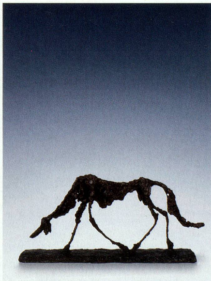
Alberto Giacometti; Le chien, 1951, Der Hund; Bronze, 46 × 98,5 × 15 cm; Alberto Giacometti-Stiftung, Zürich.
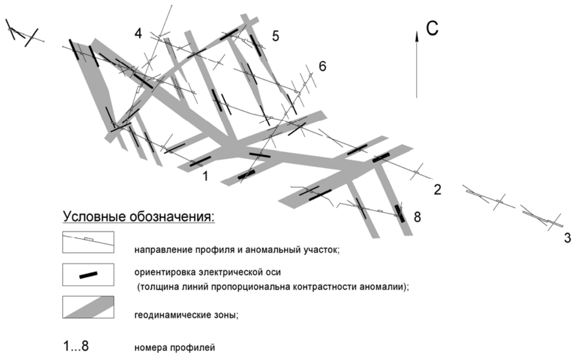
Рис. 1. Результаты структурно-геодинамического картирования, выполненного на участке «Грабовский»
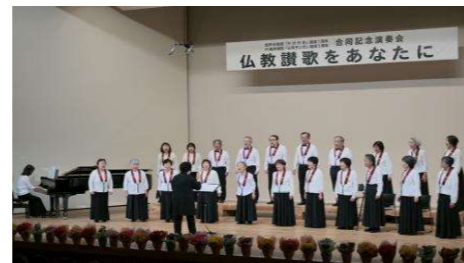
混声合唱団かがやき
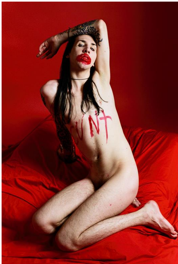
Marilyn Manson, 1994
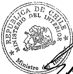
[Signature] EDMUNDO PÉREZ YOMA Ministro del Interior
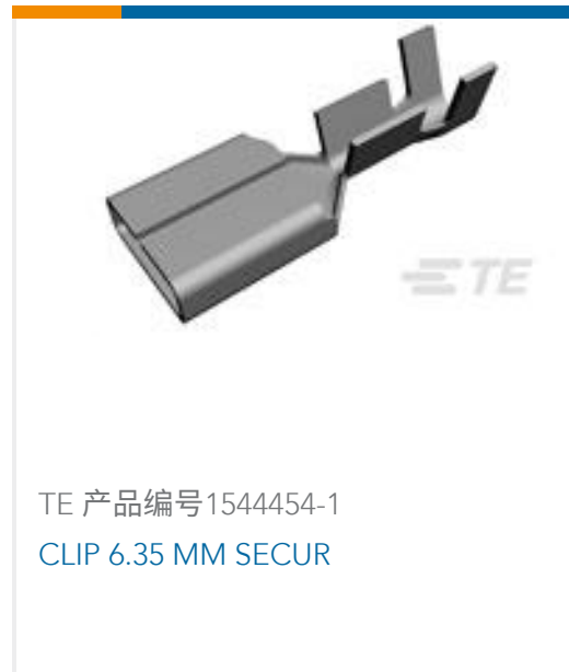
TE 产品编号1544454-1 CLIP 6.35 MM SECUR
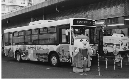
▲まちなか循環バス

【答】1カ月間の乗車人数は1591人、一日平均乗車人数は66人、時間帯別の乗車割合は8時台67%、9時台8.5%、10時台17.7%、11時台15.5%、13時台15.9
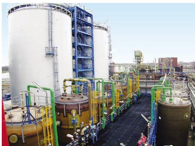
Хранение соли и обработка рассола, Дормаген (Германия)

Благодаря реализации целого ряда проектов по конверсии предприятий, компания Bayer Technology Services располагает необходимым опытом для разработки концепций, которые позволят Вам организовать бесперебойные поставки хлора даже в сложных условиях. В этой работе мы применим и наши знания, полученные в ходе сотрудничества с разными производителями электролитических ванн.
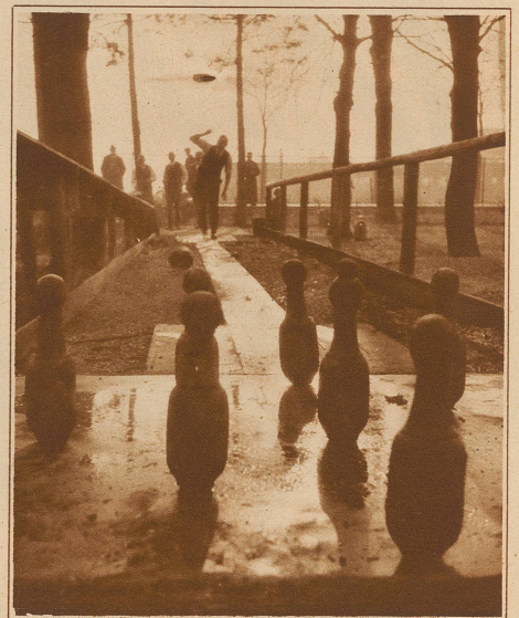
Oba lätz! Näbeduse

Defagter Mann macht wenig Freude Und er ist meistens unbeliebt, Weil er in kritischen Momenten Die allerdümmsten Sachen schiebt. Er schmeißt im Wies um, was grad fällt, Und hat «sein Sach» auf nichts gestellt!
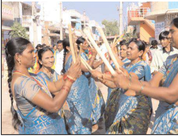
ఒంటిమిట్ట శ్రీరామనవమి బ్రహ్మోత్సవాల భాగంగా కోలాటం చేస్తున్న మహిళా భక్తులు
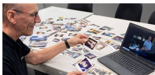
<p>Minnen av en tid som flytt: Tusentals kort har tagits under de många åren hos TRUMPF.</p>
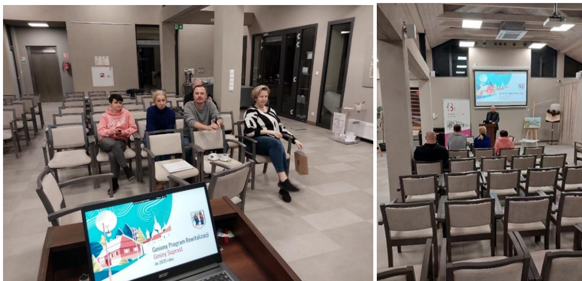
Ryc. 7. Zdjęcia z debaty w dniu 21 listopada 2024 r.
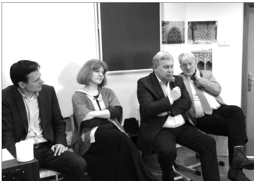
Jerzy Engel wśród panelistów

Chciałbym poruszyć jeszcze jedną sprawę. Z mojego osobistego doświadczenia wiem, że nigdy nie powinniśmy grać, udając kogoś innego. Gdybym udawał Górskiego, Piechniczka czy Strejlau'a, to i tak nie byłbym żadnym z nich. Albo jestem taki, jaki jestem i mnie przyjmiecie, moje zasady, mój sposób bycia, moją filozofię pracy, albo się nie dogadamy i nic z tego nie będzie. Ważne, aby być zawsze sobą. Tylko aktorstwo daje tę możliwość, że tam można być osobą, która gra tysiące ról. U nas obowiązuje zasada bycia sobą, oszukać można raz. Chciałbym, żeby te dwa krótkie przesłania pozostały po moim wystąpieniu.
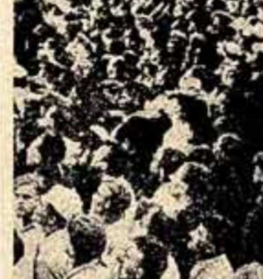
На снимках празднования Дня Воздушного Флота СССР в Тушине.

Воздушный парад на Тушинском аэродроме был красивым, величественным, праздничным зрелищем. Он продемонстрировал значительные успехи отечественной авиационной промышленности, вытеснившей в содружестве с иностранными новыми замечательными самолетами разных типов и разного назначения, рост мастерства летного состава Военно-Воздушных Сил, развитие авиационного спорта.
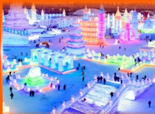
เที่ยว ICE & SNOW WORLD
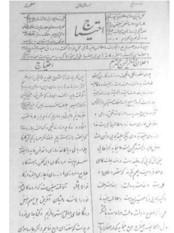
«Ehtiyac» – Təbriz 1898
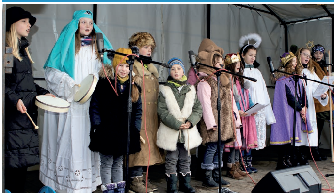
Vánoční jarmark u radnice je vždy příležitostí pro krásná vystoupení našich dětí
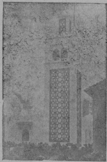
Un aspecto del exterior del pabellón marroquí de la Feria Internacional de Muestras de Barcelona, que es uno de los más visitados

Paris. — Los diarios de esta mañana publican una disposición del Jefe de policía y del Mando militar en la que se anuncia medidas de represalia y seguridad contra los atentados comunistas y terroristas. En la orden se hace saber que en represalia por la muerte de soldados alemanes, 116 terroristas y comunistas, cuya participación o complicidad en aquellos crímenes ha sido demostrada, fueron fusilados. Gran número de estos elementos han sido también deportados. Para prevenir toda clase de incidentes que pudieran originarse el 20 de septiembre con motivo de una manifestación organizada por los comunistas, todos los teatros, cines y demás espectáculos públicos serán cerrados desde esta tarde hasta la noche del domingo en los departamentos del Sena, Oise y del Marne. Nadie de la población civil, a excepción de los alemanes, podrá transitar por las calles y plaza
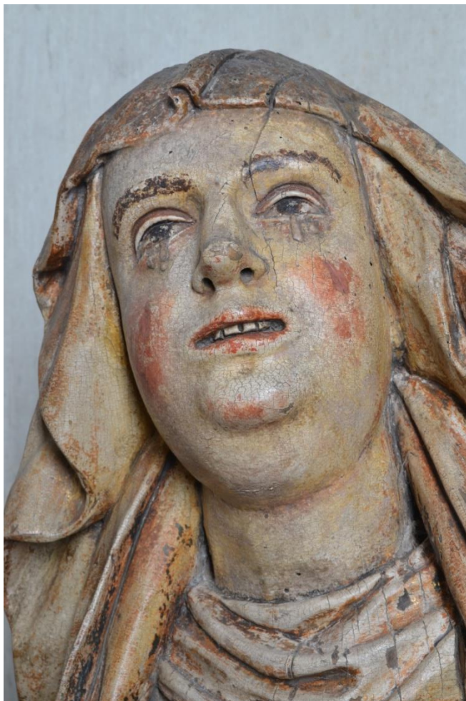
Tvář plačící světice.
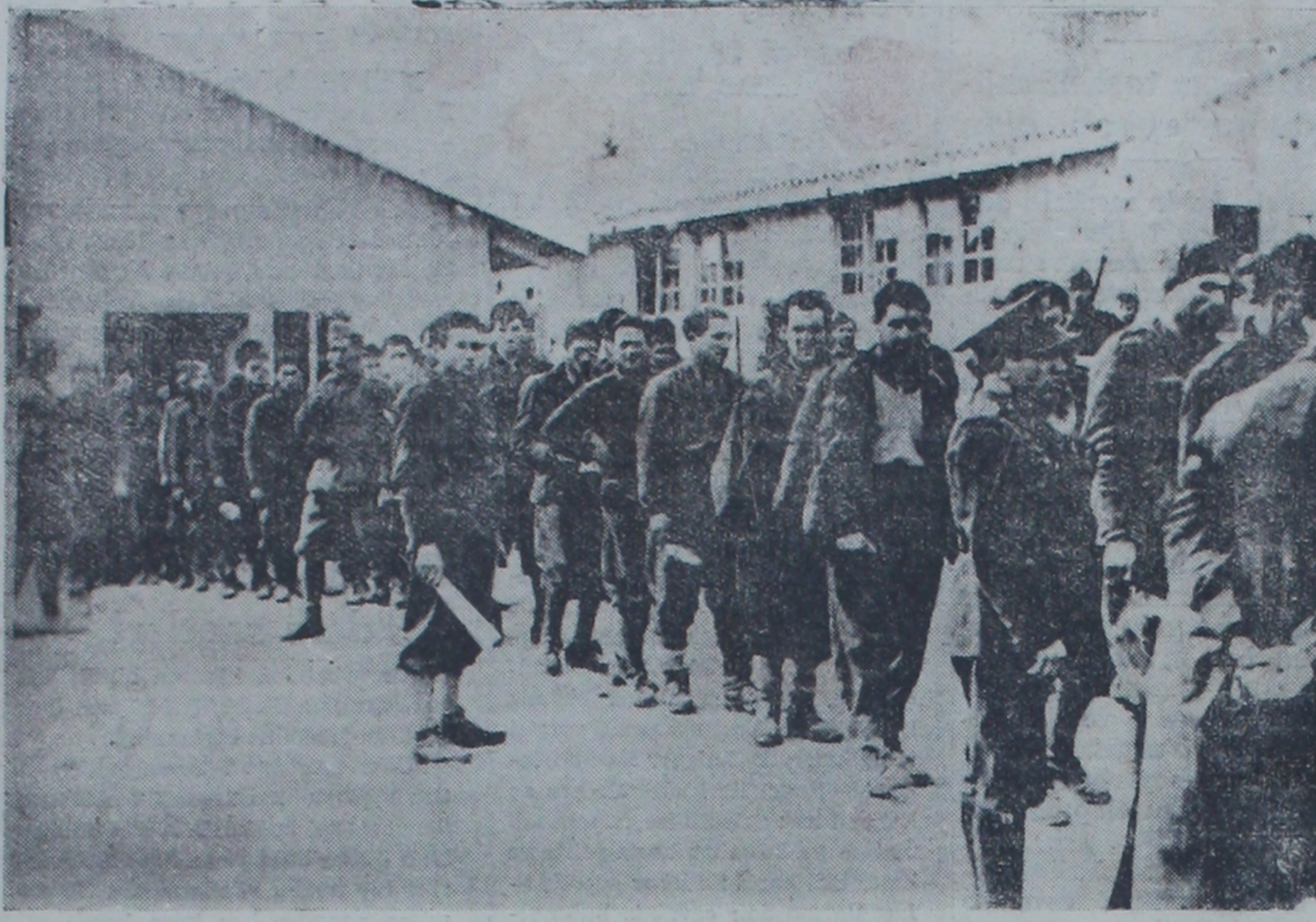
Atınaya getirilen İtalyan esirlerinden bir grup.

Hüseyin Cahid YALÇIN (Sonu sayfa 3 sütun 3 de)
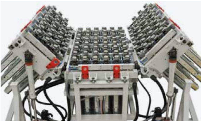
MESA OSCILANTE UHF La parte central de la mesa es fija mientras las dos alas laterales pueden inclinarse hasta 45°; la inclinación se controla mediante CN. La mejor solución para trabajar partes con radios de curvatura mínimos
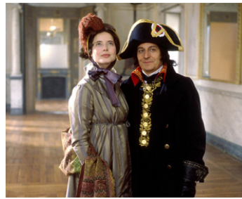
2002 NAPOLÉON d'Yves Simoneau avec Christian Clavier
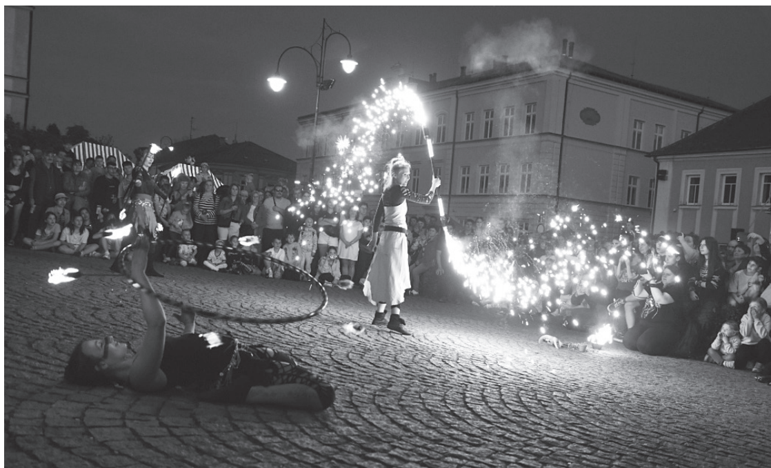
Pálení čarodějnic nabídne bohatý doprovodný program

Tahle pohanská tradice, jako ostatně mnohé jiné, později
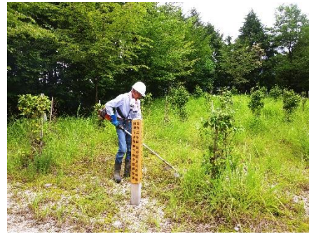
植栽地の下刈り（中津川市田瀬）
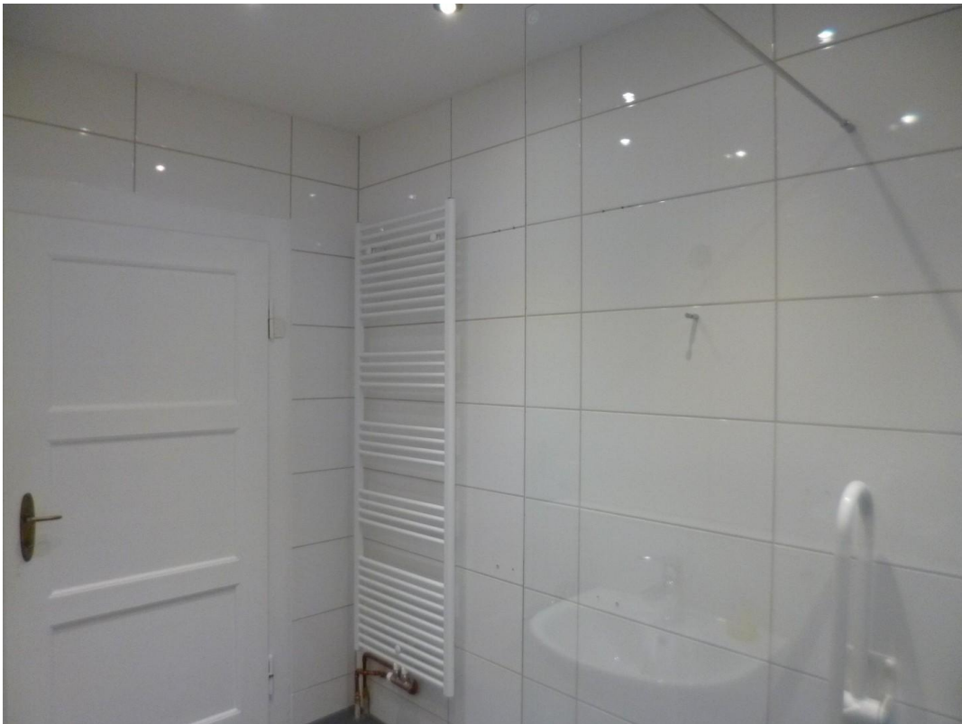
Handtuchheizkörper im Bad

★ ★ ★ ★

What this task involves: The range to print runs from the line with "Tahle pohanská tradice, jako" through the last line of the entries, both included; keep it exact and skip the pictures.

Written solution:
Tahle pohanská tradice, jako ostatně mnohé jiné, později
植栽地の下刈り（中津川市田瀬）
Handtuchheizkörper im Bad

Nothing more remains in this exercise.